CHAPITRE PREMIER. [(ORIGINAL LIV. II, CH. I.)]
Inconstance de nos actions.
Trop de contradictions se rencontrent dans l'homme, pour qu'on puisse les expliquer.—Ceux qui s'adonnent à la critique des faits et gestes des hommes ne se trouvent sur aucun point aussi embarrassés que lorsqu'ils cherchent à grouper ceux émanant d'une même personne, pour porter sur elle une appréciation d'ensemble, parce que d'ordinaire ses actes se contredisent de si étrange façon qu'il semble impossible qu'ils proviennent d'un même individu. Marius le jeune se montra tantôt par son courage fils de Mars, tantôt par son manque d'énergie fils de Vénus. Le pape Boniface VIII arrivé, dit-on, au souverain pontificat en déployant l'astuce du renard, s'y comporta en lion et mourut comme un chien. Qui croirait que ce fut Néron, la cruauté personnifiée, qui, lorsque, suivant l'usage, on lui présenta à ratifier une sentence prononcée contre un criminel, s'écria: «Plût aux dieux que jamais je n'eusse su écrire!» tant il éprouvait de serrement de cœur à condamner un homme à mort?—De tels exemples sont en toutes choses si fréquents, chacun peut en trouver tant par lui-même, qu'il me paraît extraordinaire de voir quelquefois des gens de jugement se mettre en peine pour chercher à établir une corrélation entre les actes d'un homme, attendu que l'irrésolution est, ce me semble, le défaut de notre nature le plus commun et le plus répandu, témoin ce vers si connu de Publius le poète comique: «C'est une mauvaise résolution, que celle sur laquelle on ne peut revenir.»
Tout homme a un caractère indéterminé.—Il y a apparence qu'il est possible de porter une appréciation sur un homme dont on connaît les faits les plus habituels de la vie; mais par suite de la versatilité de nos mœurs et de nos opinions, je crois que les meilleurs auteurs eux-mêmes ont tort de s'opiniâtrer à donner de nous une idée ferme et invariable.
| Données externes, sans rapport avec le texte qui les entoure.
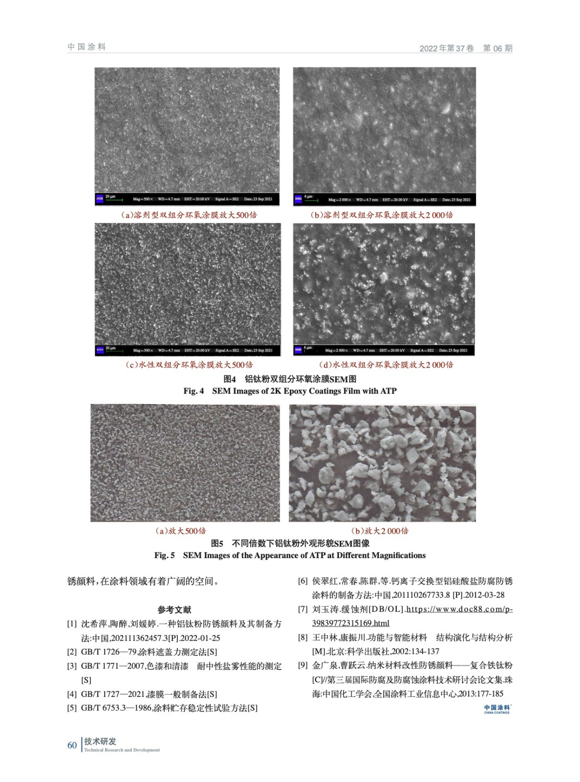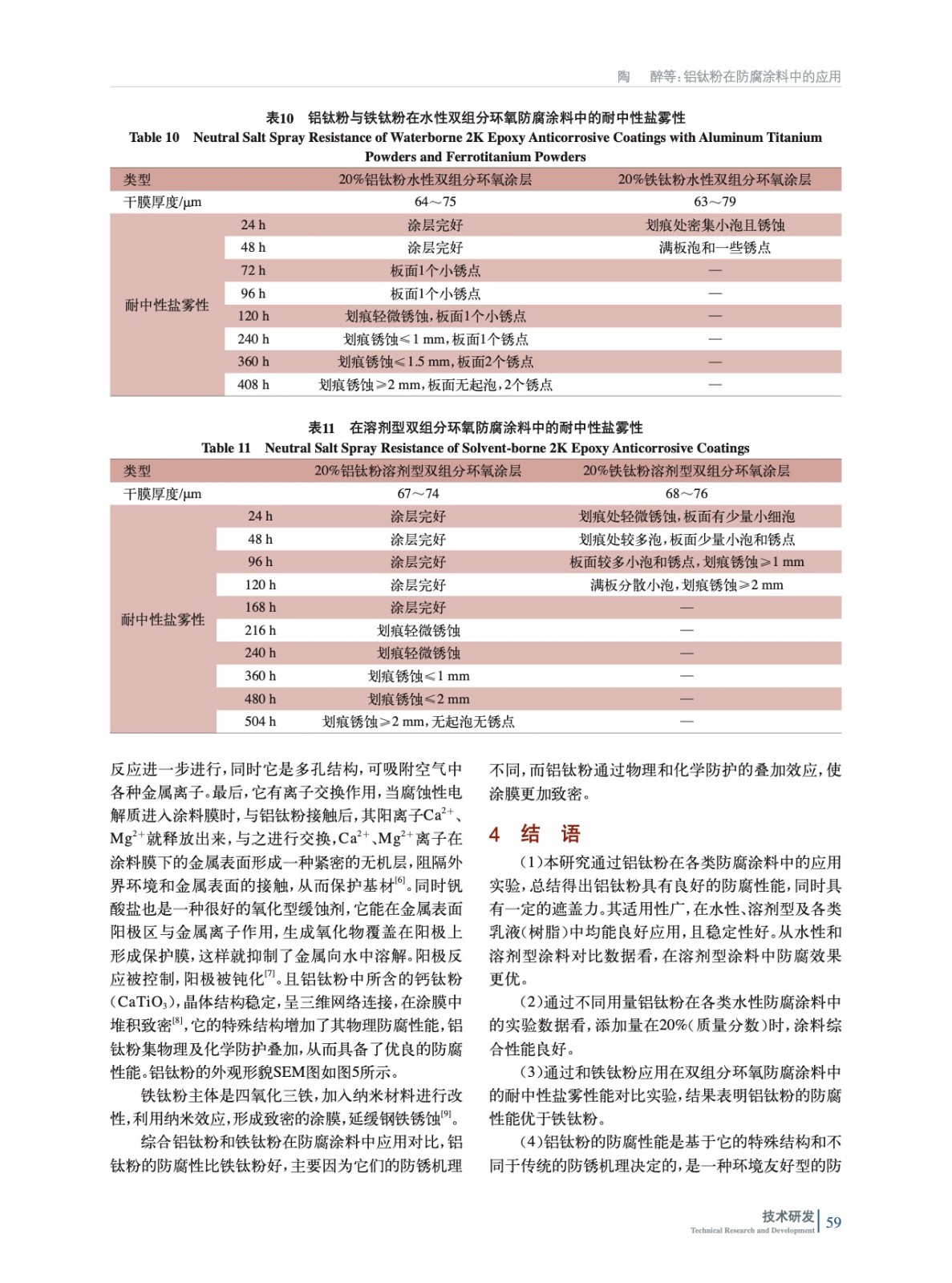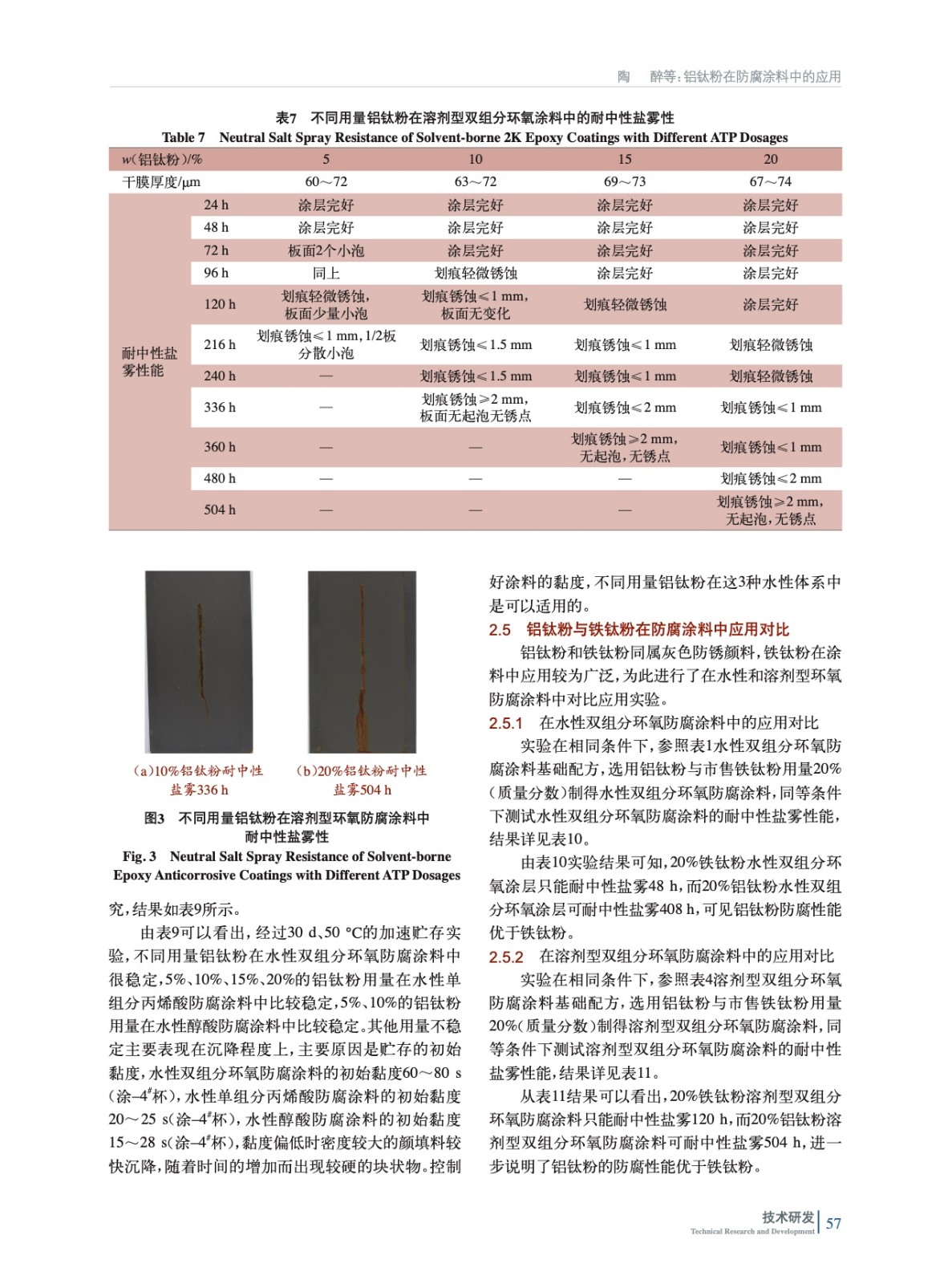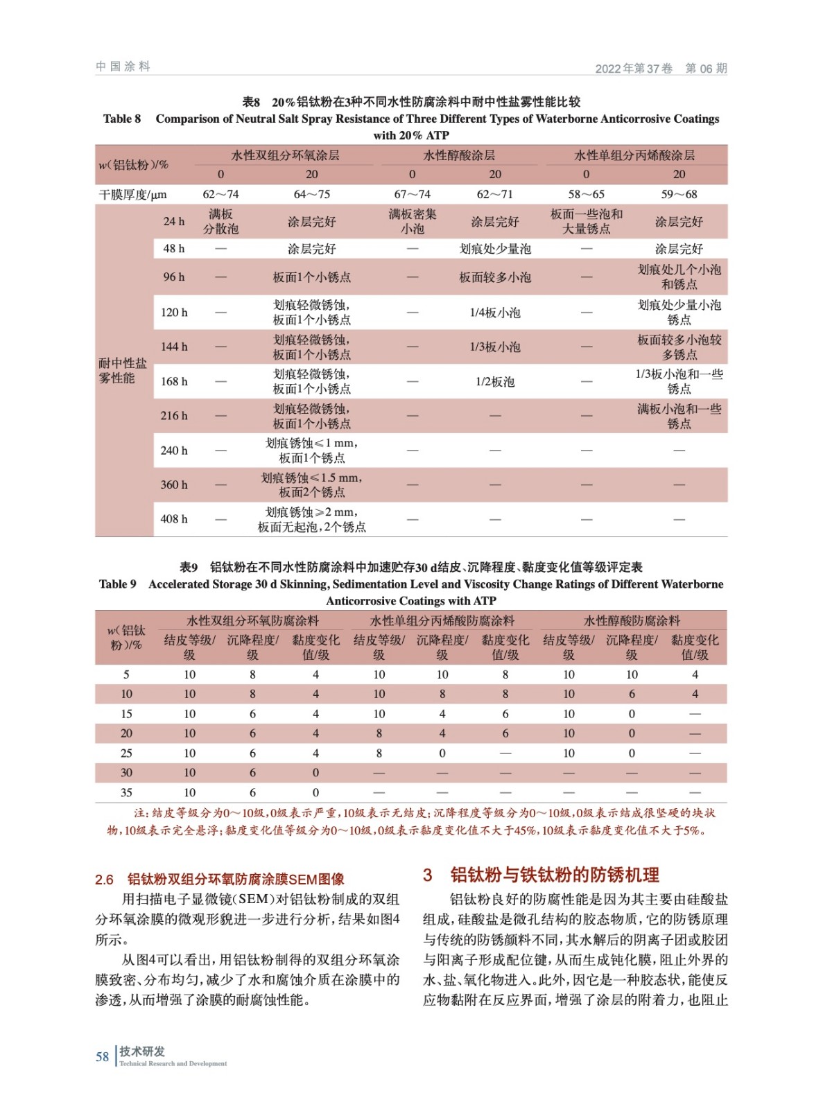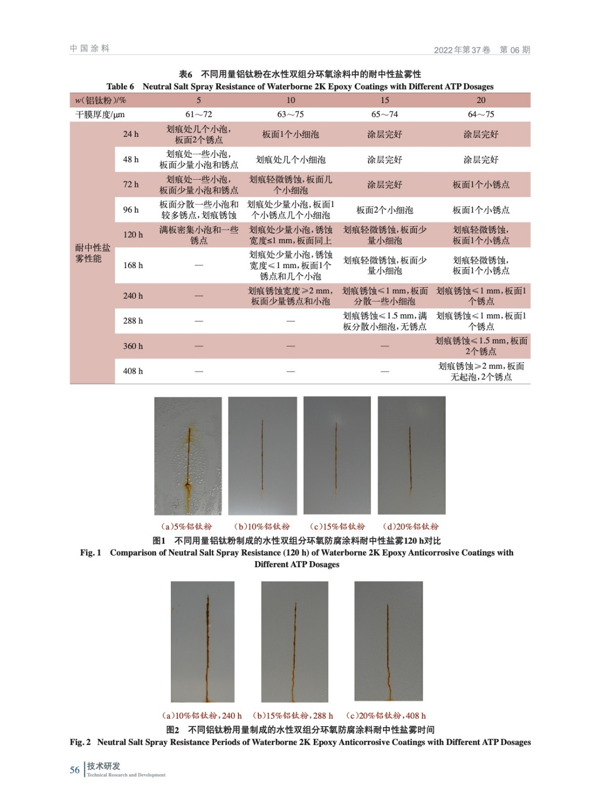 摘要:通過對鋁鈦粉在各類防腐涂料中的應(yīng)用實驗,結(jié)果表明鋁鈦粉具有良好的防腐性能,其用量在20%時,涂料綜合性能良好,水性雙組分環(huán)氧防腐涂料可耐中性鹽霧408 h,水性醇酸防腐涂料可耐中性鹽霧168 h,水性單組分丙烯酸防腐涂料中達(dá)216 h,溶劑型雙組分環(huán)氧防腐涂料中達(dá)500 h。且通過鋁鈦粉和鐵鈦粉的雙組分環(huán)氧防腐涂料耐中性鹽霧性能對比實驗,結(jié)果表明鋁鈦粉的防腐性更優(yōu)。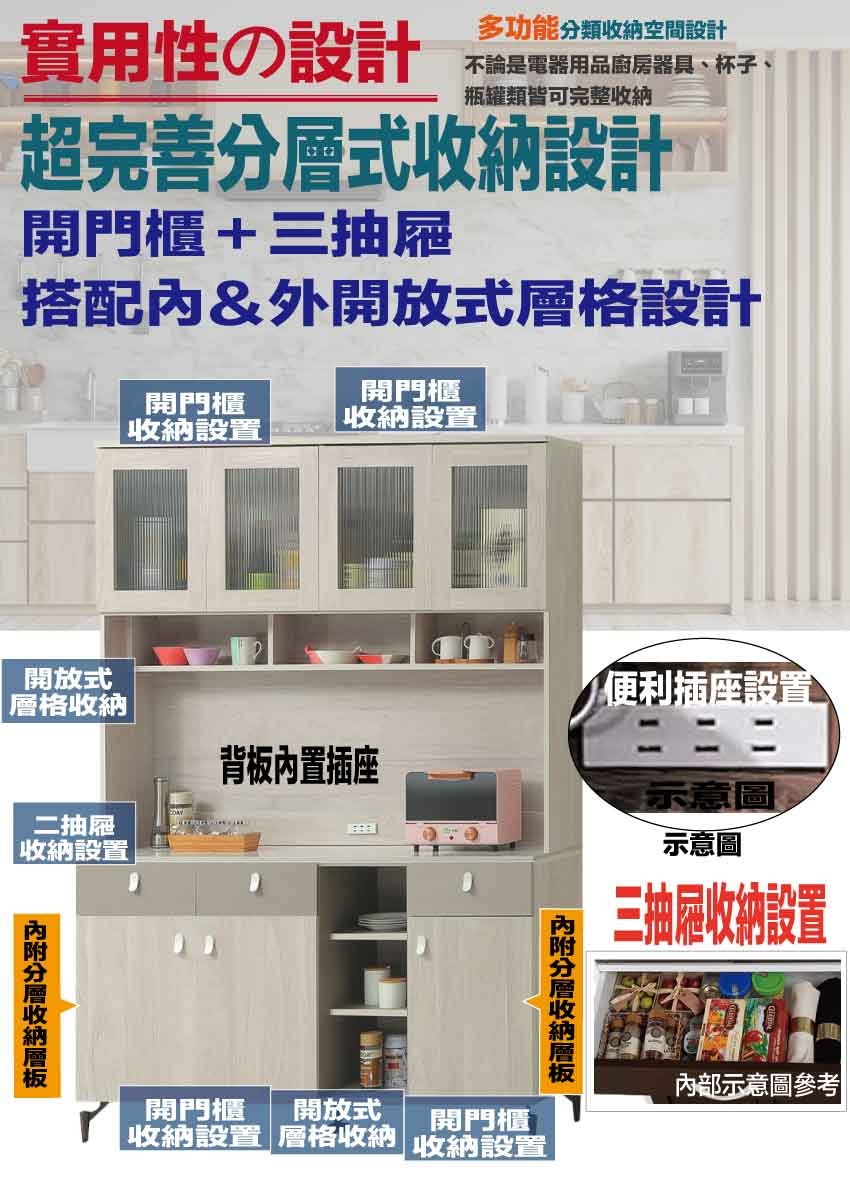 搭配採用開門櫃+三抽屜+內&外開放層格等收納空間設計

Ils choisissent l'air qui, d'une manière générale, semble le mieux convenir à leur personnage, et à cette image ils rattachent, en les interprétant, toutes ses actions; s'ils ne peuvent assez les déformer pour les adapter au type qu'ils ont imaginé, ils l'attribuent à ce que, dans ce cas, celui qu'ils étudient a dissimulé son caractère.—L'empereur Auguste leur a échappé; on trouve dans ses actes, durant toute sa vie, une diversité si flagrante, si inattendue et presque si ininterrompue, que les historiens les plus hardis ont dû renoncer à le juger dans son ensemble et se résigner à le laisser, tel qu'il apparaît, sans déterminer son caractère.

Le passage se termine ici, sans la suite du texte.